Don:

> The only value I can see at this point in making something an @attribute
> rather than a __keyword is that we could develop a standard syntax for 
> compile-time (and runtime) querying of attributes.

I think you need:

1) To be able to import an user-defined attribute in just the current 
scope/module, using a normal import:
import myattributes: @noallocs;
Or just:
import myattributes: noallocs; // the @ is not used when you import it

2) More compile-time introspection capabilities. To implement in D a 
user-defined attribute like @noallocs you need some way to transitively inspect 
the code inside a function, looking for heap memory allocations.

3) Some syntax to attach CTFE functions to user attributes. The simplest design 
is to do nothing, and allow any function name to be used with a @ prefix.
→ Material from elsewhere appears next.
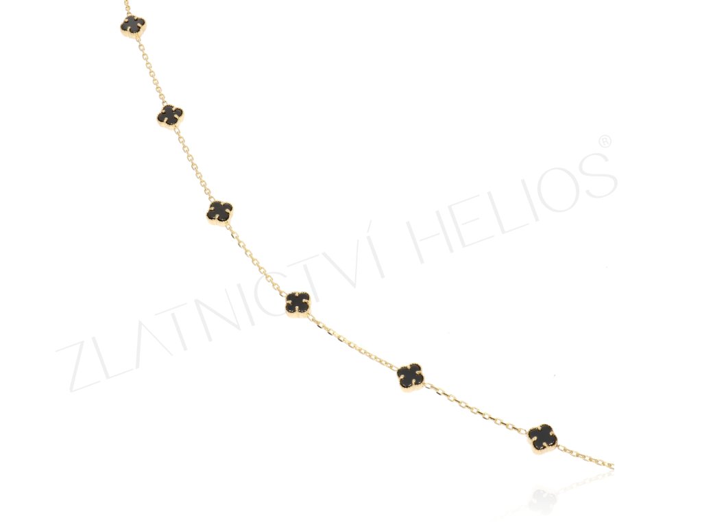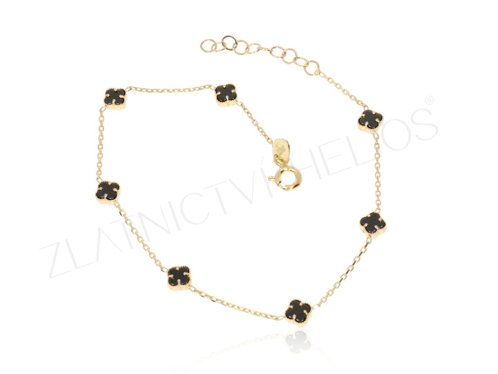 Zlatý náramek s černými čtyřlístky
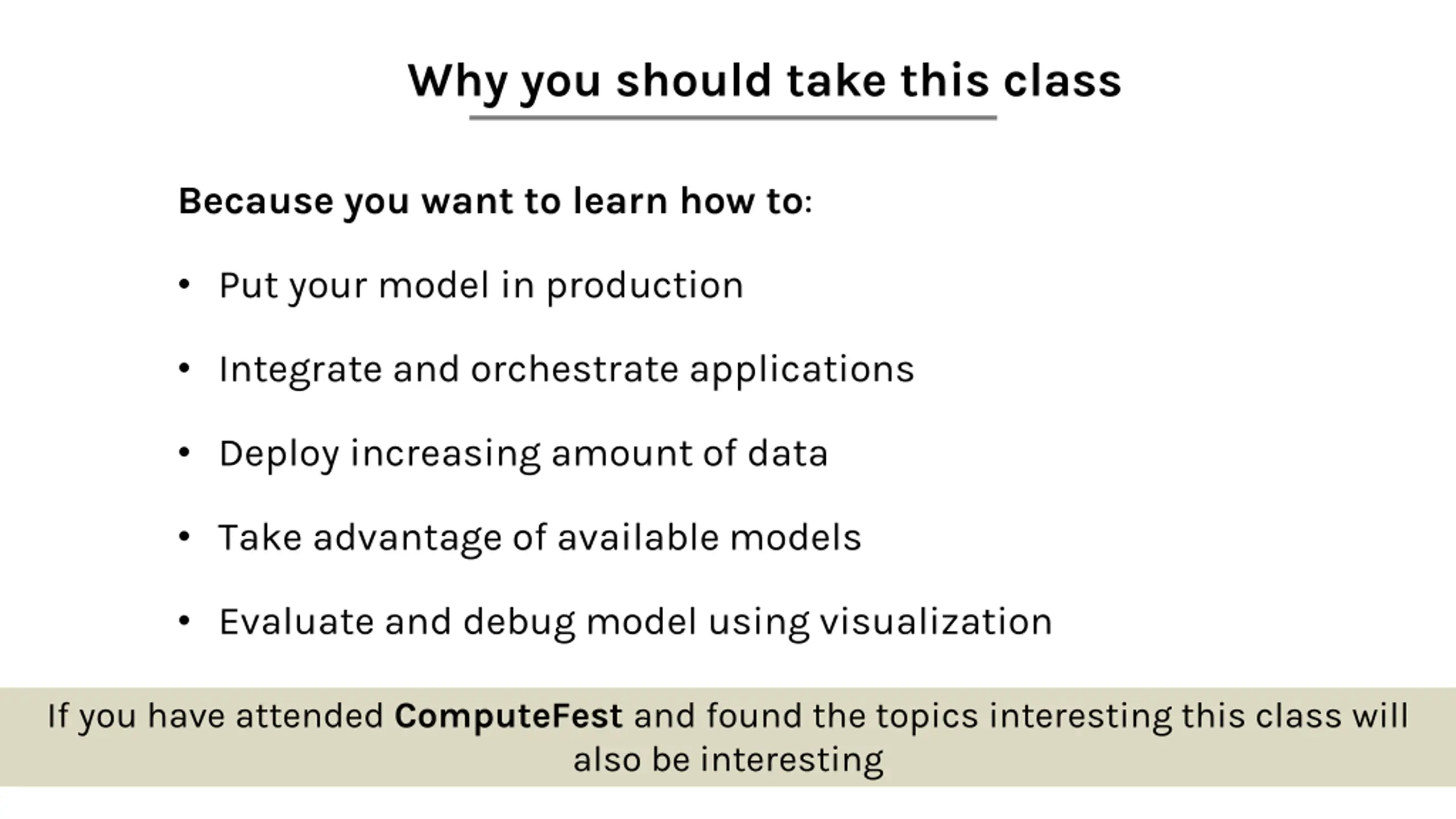 Why you should take this class Because you want to learn how to: Put your model in production Integrate and orchestrate applications Deploy increasing amount of data Take advantage of available models Evaluate and debug model using visualization If you have attended ComputeFest and found the topics interesting this class will also be interesting

The 
argument of such functions may be the AST of the function the attribute is put 
on, its JSON or even its body as text.


Then when you add @noallocs to a function signature the compiler runs at 
compile-time the code that performs those tests:

@noallocs int myLevenshteinDistance(T)(const T[] data) { ... // gives a 
compile-time error because it contains one new statement.

The JSON DMD produces from modules may be used by some attributes, because it 
contains lot of semantics about the functions in a easy machine-readable way. 
Something like __traits(json, functionname), plus few Phobos functions to 
transverse and query a Json tree structure, may be useful for some attributes.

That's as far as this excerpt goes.